→ PROBLEM REQUIREMENTS:
Look below for the line with "TAKING SHAPE... THE BOOTHS GO UP", then give it again exactly, along with every line that comes after it, the final line included.

→ DATA EXTRACT:
■ ■ ■
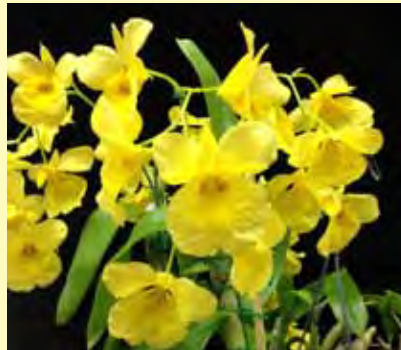
Dendrobium Golden Aya 'Mem. Benigna Venturina'
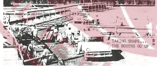
TAKING SHAPE... THE BOOTHS GO UP

The Commercial and Industrial Exhibits section promises to eclipse all previous shows in grandeur. Our 50 business firms have spoken for display spaces—a record breaker, indeed!
■ ■ ■
→ SOLUTION FOR THIS PROBLEM:
TAKING SHAPE... THE BOOTHS GO UP

The Commercial and Industrial Exhibits section promises to eclipse all previous shows in grandeur. Our 50 business firms have spoken for display spaces—a record breaker, indeed!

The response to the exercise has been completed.